**Input data**
************
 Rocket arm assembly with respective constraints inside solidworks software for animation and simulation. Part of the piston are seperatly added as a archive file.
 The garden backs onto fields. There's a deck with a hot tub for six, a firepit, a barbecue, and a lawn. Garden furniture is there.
************
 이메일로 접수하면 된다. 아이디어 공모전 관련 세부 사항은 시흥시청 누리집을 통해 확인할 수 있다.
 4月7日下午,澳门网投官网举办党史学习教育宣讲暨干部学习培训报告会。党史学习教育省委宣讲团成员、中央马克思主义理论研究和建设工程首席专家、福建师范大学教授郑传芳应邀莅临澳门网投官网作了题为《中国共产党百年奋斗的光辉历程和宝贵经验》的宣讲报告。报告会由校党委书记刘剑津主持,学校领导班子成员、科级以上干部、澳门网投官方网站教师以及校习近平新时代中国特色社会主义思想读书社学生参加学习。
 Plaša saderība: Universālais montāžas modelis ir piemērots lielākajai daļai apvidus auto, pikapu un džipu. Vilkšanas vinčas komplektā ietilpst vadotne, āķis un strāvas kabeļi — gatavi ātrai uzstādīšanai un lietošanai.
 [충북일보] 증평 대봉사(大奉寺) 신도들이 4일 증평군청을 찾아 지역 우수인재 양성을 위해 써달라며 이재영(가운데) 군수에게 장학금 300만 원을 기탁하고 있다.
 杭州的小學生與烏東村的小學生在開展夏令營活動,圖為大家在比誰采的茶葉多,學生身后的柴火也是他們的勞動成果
************
**What the task requires**
Among the lines above, repeat exactly those from the line with "[충북일보] 증평 대봉사(大奉寺)" to the line with "杭州的小學生與烏東村的小學生", counting both ends.

**Response to the exercise**
 [충북일보] 증평 대봉사(大奉寺) 신도들이 4일 증평군청을 찾아 지역 우수인재 양성을 위해 써달라며 이재영(가운데) 군수에게 장학금 300만 원을 기탁하고 있다.
 杭州的小學生與烏東村的小學生在開展夏令營活動,圖為大家在比誰采的茶葉多,學生身后的柴火也是他們的勞動成果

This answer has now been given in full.